■ **Exercise description**:
Could you reproduce the entries exactly, omitting every picture?

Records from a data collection

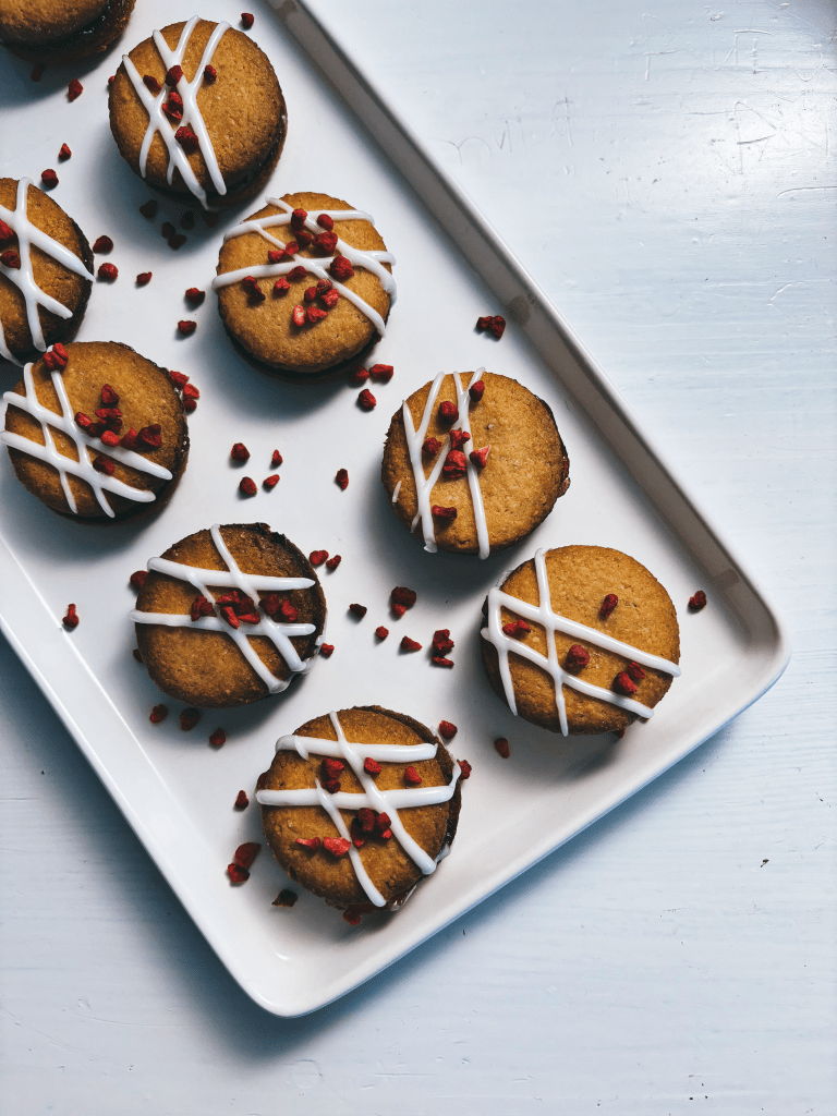 Kun törmäsin Runebergin keksien ohjeeseen, ensimmäinen ajatus oli, että tuo resepti on pakko veganisoida! Nimittäin kuvat sekä ohje runebergin tortun makuisesta täytekeksistä sai veden kielelle. Alkuperäinen ohje on Perinneruokaa prkl -blogista josta muokkasin vegaanisen version. Alkuperäisellä ohjeella tulee 12 keksiä mutta tein itse puolta pienempiä jolloin sain 24 pientä täytekeksiä.
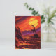 Ilustração vintage de planetas futurísticos de ficção científica e imagem do espaço sideral. Um design de livro de histórias em quadrinhos de ficção científica retrô dos anos 50 com um planeta vermelho-fogo coberto de lava derretida quente proveniente de vulcões em erupção do futuro. Um sol amarelo brilhante está no céu vermelho.
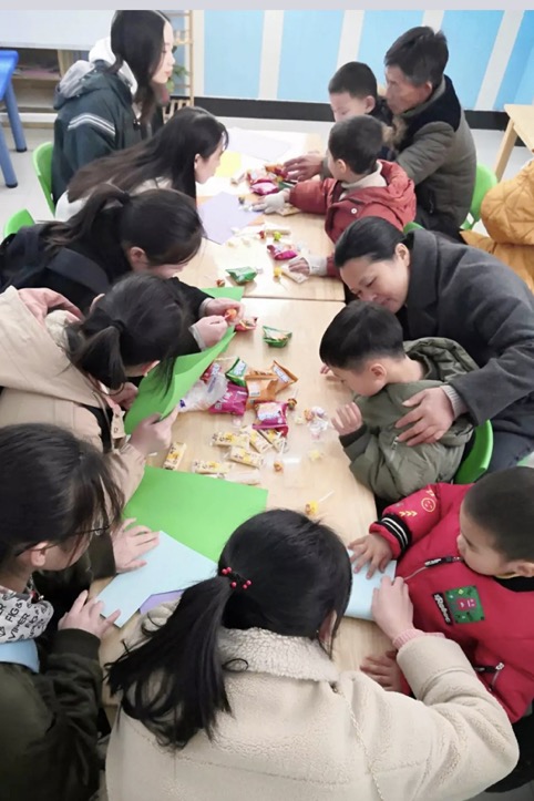 志愿者们教孩子折纸,分享小零食。有的孩子在纸上写字,然后展示给身边的志愿者。“你很棒!”志愿者摸摸孩子们的头鼓励道,然后剥开糖纸递到孩子们的嘴边。令人感动的是,孩子们却把糖递到了志愿者的嘴边。
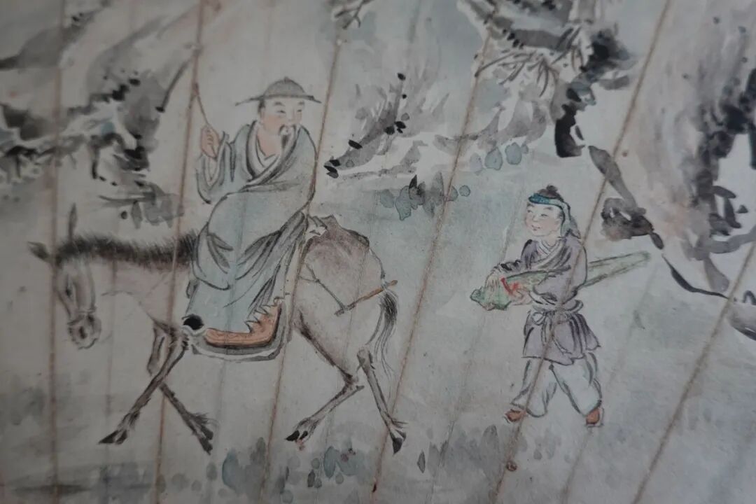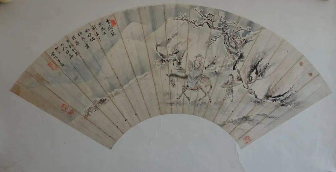 清·董云樵《携琴远行图》扇面 款识:雪拥蓝关马不前,壬申初秋偶仿元人画法,应少耘仁兄大人雅嘱,即正。云樵董畲
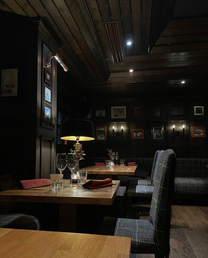 내부로 들어서면 어두운 나무 패널 벽과 천장, 그리고 섬세하게 배치된 조명들이 어우러져 깊이 있는 아늑함을 선사합니다. 마치 북유럽 산장의 오붓한 식당에 온 듯한 기분입니다. (Image 3) 손님들로 꽉 차 북적이는 와중에도 소음보다는 활기찬 에너지가 공간을 채우고, 테이블마다 놓인 작은 촛불은 따뜻한 온기를 더합니다. 격식과 편안함이 공존하는 이곳의 분위기는 방문객들에게 편안하면서도 특별한 경험을 선사하기에 충분합니다. 비록 어떤 이들은 캐주얼한 테이블 세팅을 아쉬워하기도 하지만, 이는 오히려 친근하고 부담 없는 식사를 가능하게 하는 Aurora Feast만의 매력으로 다가옵니다. 이곳은 4성급 호텔에 위치해 있지만, 겉치레보다는 본질적인 맛과 경험에 집중하는 철학을 엿볼 수 있습니다.
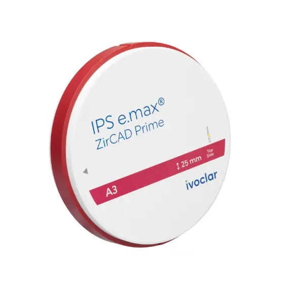 IPS e.max ZirCAD provides a versatile range of zirconium oxide materials for labside CAD/CAM applications. It is used for the fabrication of frameworks and full-contour crowns and bridges. High strength, thin wall thickness and high esthetics are among its hallmarks. IPS e.max ZirCAD Prime is redefining all-ceramics. This revolutionary material is characterized by exceptional quality and esthetics. The product is suitable for any indication – from single crowns to multiple-unit bridges and accommodates all processing techniques. After dry milling in a PrograMill CAD/CAM machine, the non-shaded restorations can be optionally infiltrated with colouring liquids. IPS e.max ZirCAD is sintered in a e.g. Programat S2 sinter furnace and finished with IPS Ivocolor and/or IPS e.max Ceram for final characterization.
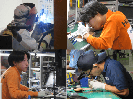 技能五輪全国大会「電気溶接」職種の大内選手(左上)、「電子機器組立て」の小口選手(右上)と海老沼選手(左下)、全国アビリンピック「電子機器組立」種目の松下選手(右下)
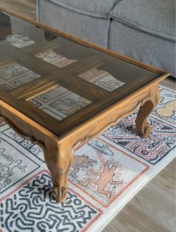 Restored Antique 1970s Solid Red Oak Coffee Table with Custom Removable Glass Inset Tabletop$375Fullerton, CA
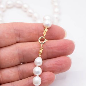 Il girocollo decoltè è in pregiate perle annodate con filo di seta
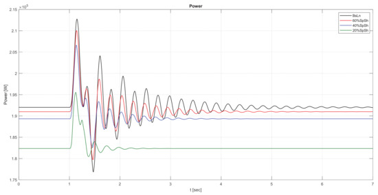 Other relevant operational parameters of the rotor show similar behavioral trends to the axial deflection. As an example, Figure 8 shows the time evolution of the power at the hub for one of the cases discussed before, WS = 11.11 m/s, which confirms the tendency to a faster dissipation of oscillations with increasing flexibility.
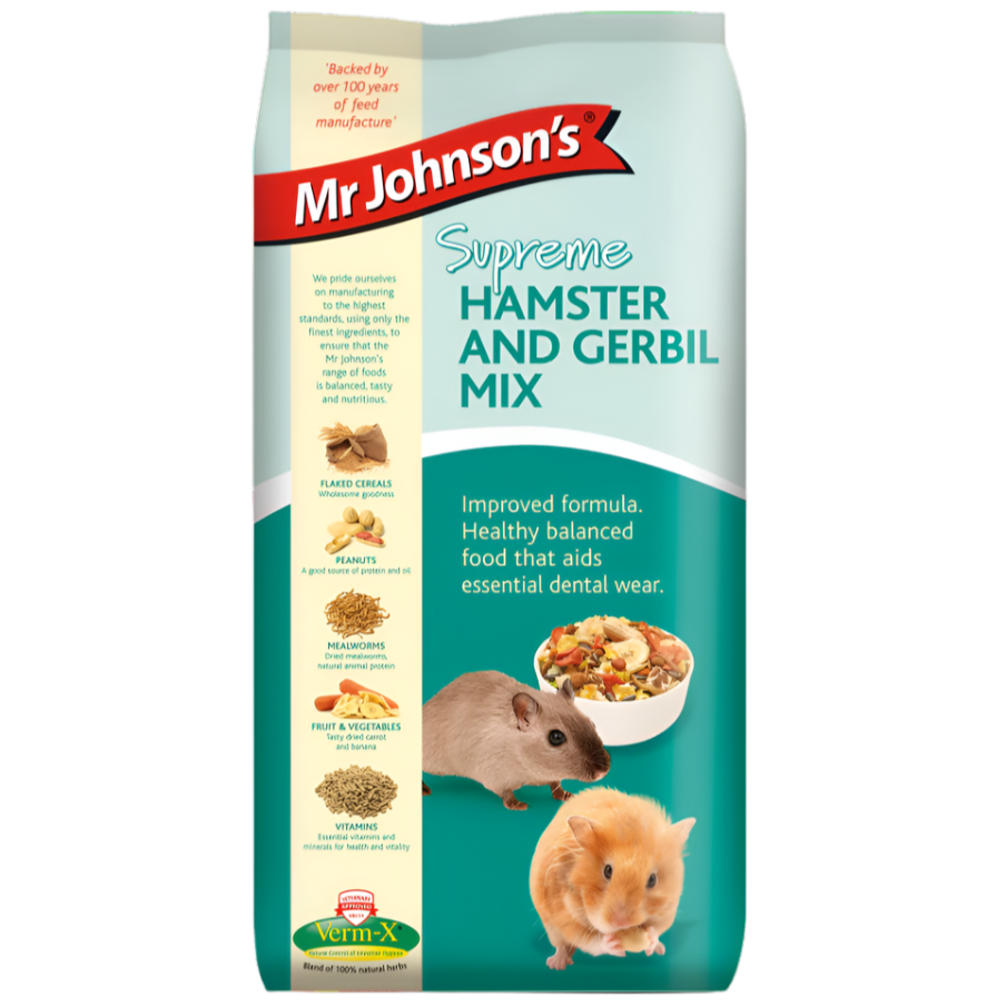 Mr Johnson’s Supreme Hamster & Gerbil Mix is a fibrous, nutritious and wholesome blend of cereals, fruit, vegetables, seeds, nuts, mealworms, pellets and extrusions – supplying Hamsters and Gerbils with a tasty, healthy food in a variety of textures to encourage the natural foraging instinct and helping in essential dental wear.
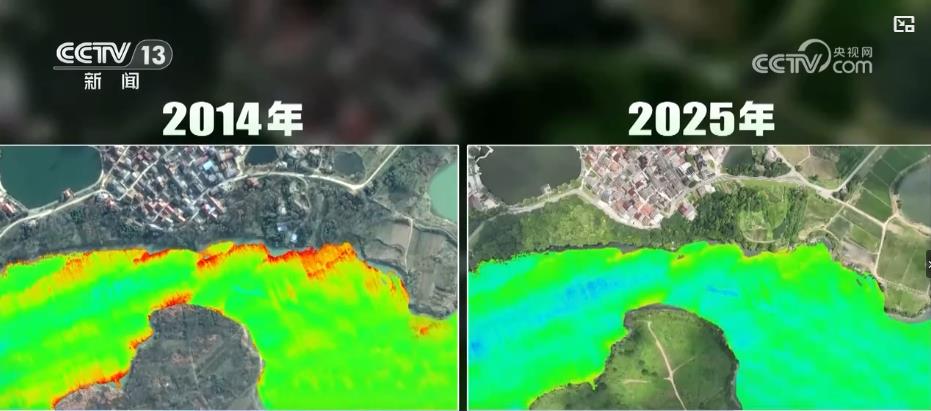 穿城而过的这条溪流,高光谱相机定期监测着水中氨氮等污染物指标的变化。研究人员将监测到的数据还原成这样的影像图,红色代表着水中的污染物。十多年前,溪水沿线遍布红色。而现在,红色消失了,当地整体水质从原来的四类跃升到二类。清澈的溪流中生长出20多个漂流点,一个夏天的旅游收入就超过2亿元。
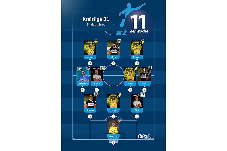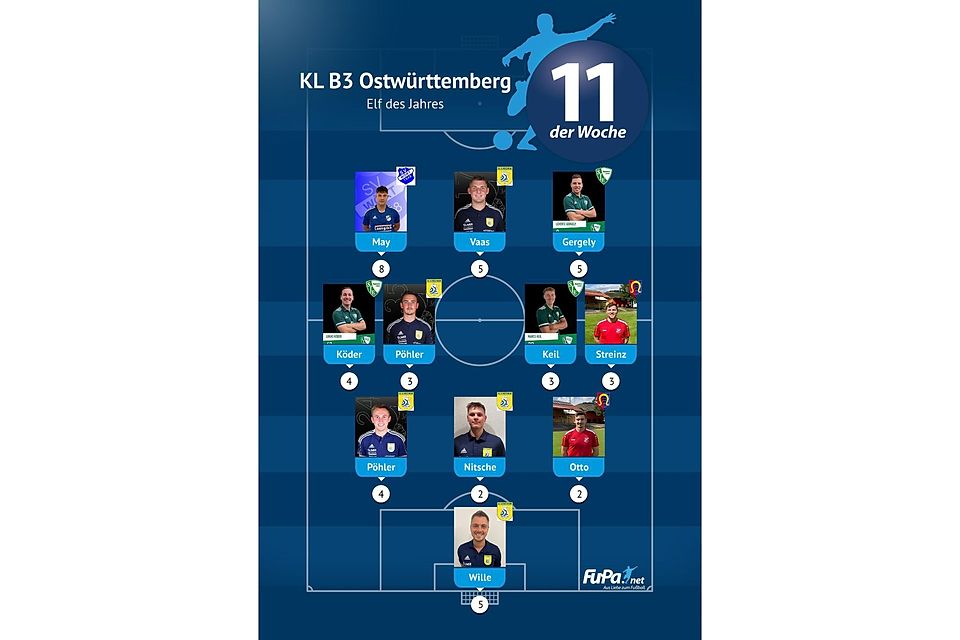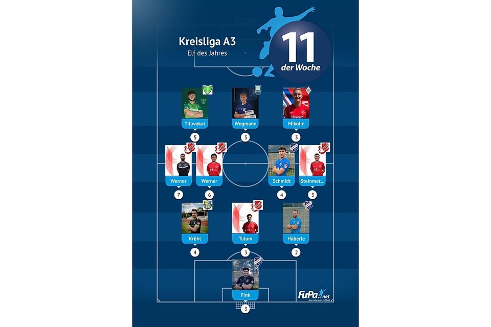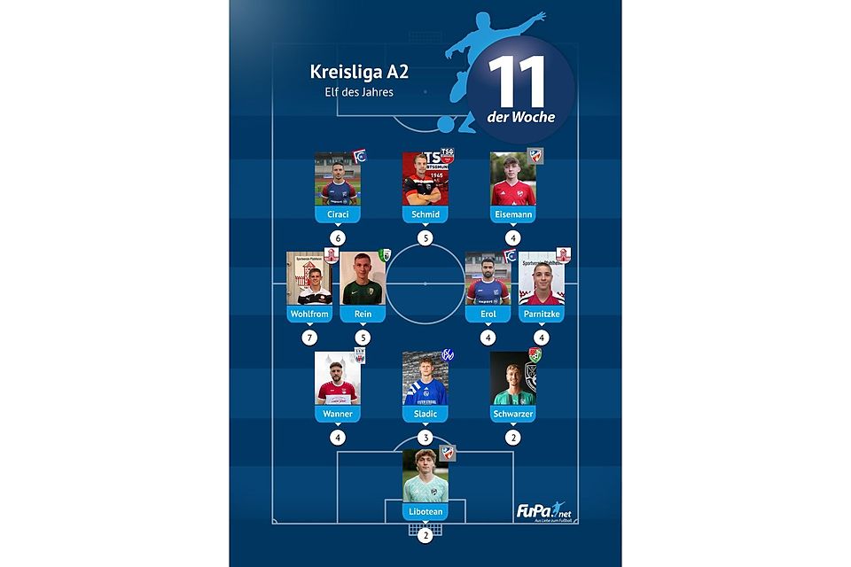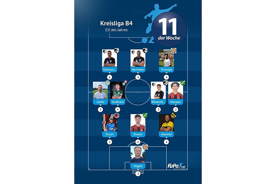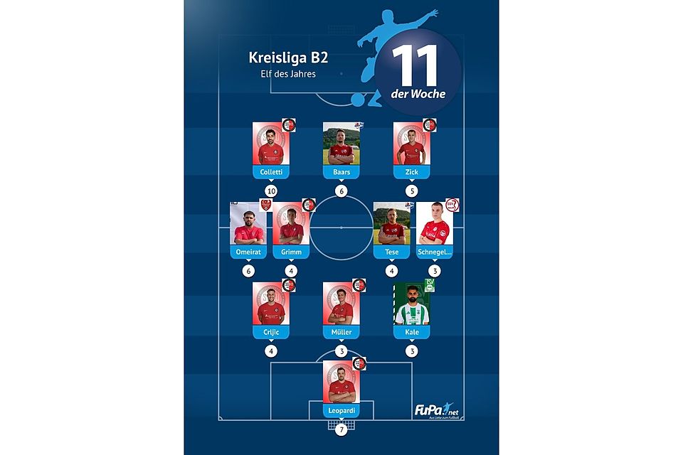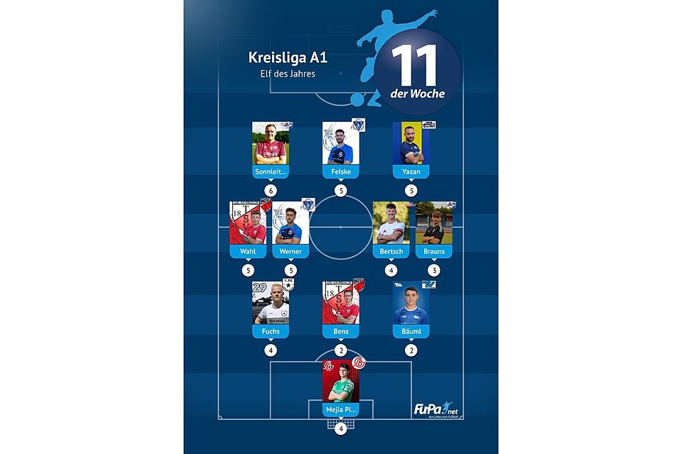 Woche für Woche präsentieren wir quer durch alle Ligen eine FuPa-Elf der Woche – sofern die Voraussetzungen durch eure Mitarbeit erfüllt sind. Dazu gehört vor allem, dass die Mannschaftsaufstellungen eingetragen sowie Tore und Assists eingepflegt wurden. Auch das Abstimmungsergebnis der FuPa-User für die besten Spieler des jeweiligen Teams fließen in die Auswertung ein.
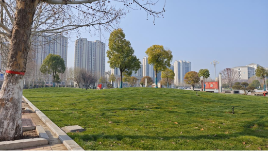 大观广场周边区域,将原有的老旧植被进行移除,保留长势较好的大乔木,场地重新整理,铺设草坪,打造疏林草地景观。
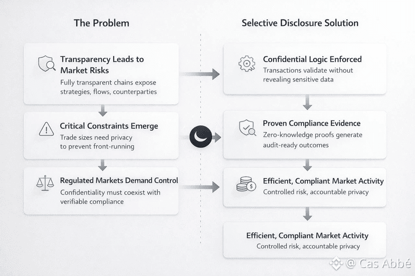 In conventional markets exposure is controlled. A fund does not show its position sizes on a real-time basis. A treasury desk does not make announcements over rebalancing plans in advance. The issuer does not release any sensitive investor information to the world to demonstrate compliance. However, audits, reports, and enforcement remain with regulators. The system is effective since disclosure is not absolute.
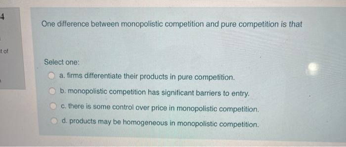 One difference between monopolistic competition and pure competition is that. Products may be homogeneous in monopolistic competition there is some control over price in monopolistic competition monopolistic competition has significant barriers to entry firms differentiate their products in pure competition. In a monopolistic market there is only one firm that dictates the price and supply levels of goods and services.
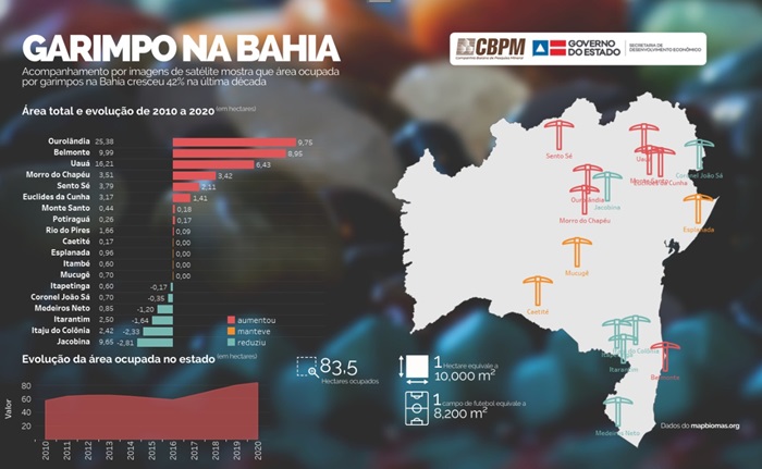 Dados reunidos pelo Projeto de Mapeamento Anual do Uso e Cobertura da Terra no Brasil (MapBiomas), mostram que a área da atividade garimpeira na Bahia registrou um aumento de 42% de 2010 a 2020, com destaque para os municípios de Ourolândia, Belmonte e Uauá, que representaram as maiores altas. No Brasil, a área de garimpo foi superior à mineração industrial em 2020: 107.800 hectares contra 98.300, respectivamente.

■ **Response box**:
 Kun törmäsin Runebergin keksien ohjeeseen, ensimmäinen ajatus oli, että tuo resepti on pakko veganisoida! Nimittäin kuvat sekä ohje runebergin tortun makuisesta täytekeksistä sai veden kielelle. Alkuperäinen ohje on Perinneruokaa prkl -blogista josta muokkasin vegaanisen version. Alkuperäisellä ohjeella tulee 12 keksiä mutta tein itse puolta pienempiä jolloin sain 24 pientä täytekeksiä.
 Ilustração vintage de planetas futurísticos de ficção científica e imagem do espaço sideral. Um design de livro de histórias em quadrinhos de ficção científica retrô dos anos 50 com um planeta vermelho-fogo coberto de lava derretida quente proveniente de vulcões em erupção do futuro. Um sol amarelo brilhante está no céu vermelho.
 志愿者们教孩子折纸,分享小零食。有的孩子在纸上写字,然后展示给身边的志愿者。“你很棒!”志愿者摸摸孩子们的头鼓励道,然后剥开糖纸递到孩子们的嘴边。令人感动的是,孩子们却把糖递到了志愿者的嘴边。
 清·董云樵《携琴远行图》扇面 款识:雪拥蓝关马不前,壬申初秋偶仿元人画法,应少耘仁兄大人雅嘱,即正。云樵董畲
 내부로 들어서면 어두운 나무 패널 벽과 천장, 그리고 섬세하게 배치된 조명들이 어우러져 깊이 있는 아늑함을 선사합니다. 마치 북유럽 산장의 오붓한 식당에 온 듯한 기분입니다. (Image 3) 손님들로 꽉 차 북적이는 와중에도 소음보다는 활기찬 에너지가 공간을 채우고, 테이블마다 놓인 작은 촛불은 따뜻한 온기를 더합니다. 격식과 편안함이 공존하는 이곳의 분위기는 방문객들에게 편안하면서도 특별한 경험을 선사하기에 충분합니다. 비록 어떤 이들은 캐주얼한 테이블 세팅을 아쉬워하기도 하지만, 이는 오히려 친근하고 부담 없는 식사를 가능하게 하는 Aurora Feast만의 매력으로 다가옵니다. 이곳은 4성급 호텔에 위치해 있지만, 겉치레보다는 본질적인 맛과 경험에 집중하는 철학을 엿볼 수 있습니다.
 IPS e.max ZirCAD provides a versatile range of zirconium oxide materials for labside CAD/CAM applications. It is used for the fabrication of frameworks and full-contour crowns and bridges. High strength, thin wall thickness and high esthetics are among its hallmarks. IPS e.max ZirCAD Prime is redefining all-ceramics. This revolutionary material is characterized by exceptional quality and esthetics. The product is suitable for any indication – from single crowns to multiple-unit bridges and accommodates all processing techniques. After dry milling in a PrograMill CAD/CAM machine, the non-shaded restorations can be optionally infiltrated with colouring liquids. IPS e.max ZirCAD is sintered in a e.g. Programat S2 sinter furnace and finished with IPS Ivocolor and/or IPS e.max Ceram for final characterization.
 技能五輪全国大会「電気溶接」職種の大内選手(左上)、「電子機器組立て」の小口選手(右上)と海老沼選手(左下)、全国アビリンピック「電子機器組立」種目の松下選手(右下)
 Restored Antique 1970s Solid Red Oak Coffee Table with Custom Removable Glass Inset Tabletop$375Fullerton, CA
 Il girocollo decoltè è in pregiate perle annodate con filo di seta
 Other relevant operational parameters of the rotor show similar behavioral trends to the axial deflection. As an example, Figure 8 shows the time evolution of the power at the hub for one of the cases discussed before, WS = 11.11 m/s, which confirms the tendency to a faster dissipation of oscillations with increasing flexibility.
 Mr Johnson’s Supreme Hamster & Gerbil Mix is a fibrous, nutritious and wholesome blend of cereals, fruit, vegetables, seeds, nuts, mealworms, pellets and extrusions – supplying Hamsters and Gerbils with a tasty, healthy food in a variety of textures to encourage the natural foraging instinct and helping in essential dental wear.
 穿城而过的这条溪流,高光谱相机定期监测着水中氨氮等污染物指标的变化。研究人员将监测到的数据还原成这样的影像图,红色代表着水中的污染物。十多年前,溪水沿线遍布红色。而现在,红色消失了,当地整体水质从原来的四类跃升到二类。清澈的溪流中生长出20多个漂流点,一个夏天的旅游收入就超过2亿元。
 Woche für Woche präsentieren wir quer durch alle Ligen eine FuPa-Elf der Woche – sofern die Voraussetzungen durch eure Mitarbeit erfüllt sind. Dazu gehört vor allem, dass die Mannschaftsaufstellungen eingetragen sowie Tore und Assists eingepflegt wurden. Auch das Abstimmungsergebnis der FuPa-User für die besten Spieler des jeweiligen Teams fließen in die Auswertung ein.
 大观广场周边区域,将原有的老旧植被进行移除,保留长势较好的大乔木,场地重新整理,铺设草坪,打造疏林草地景观。
 In conventional markets exposure is controlled. A fund does not show its position sizes on a real-time basis. A treasury desk does not make announcements over rebalancing plans in advance. The issuer does not release any sensitive investor information to the world to demonstrate compliance. However, audits, reports, and enforcement remain with regulators. The system is effective since disclosure is not absolute.
 One difference between monopolistic competition and pure competition is that. Products may be homogeneous in monopolistic competition there is some control over price in monopolistic competition monopolistic competition has significant barriers to entry firms differentiate their products in pure competition. In a monopolistic market there is only one firm that dictates the price and supply levels of goods and services.
 Dados reunidos pelo Projeto de Mapeamento Anual do Uso e Cobertura da Terra no Brasil (MapBiomas), mostram que a área da atividade garimpeira na Bahia registrou um aumento de 42% de 2010 a 2020, com destaque para os municípios de Ourolândia, Belmonte e Uauá, que representaram as maiores altas. No Brasil, a área de garimpo foi superior à mineração industrial em 2020: 107.800 hectares contra 98.300, respectivamente.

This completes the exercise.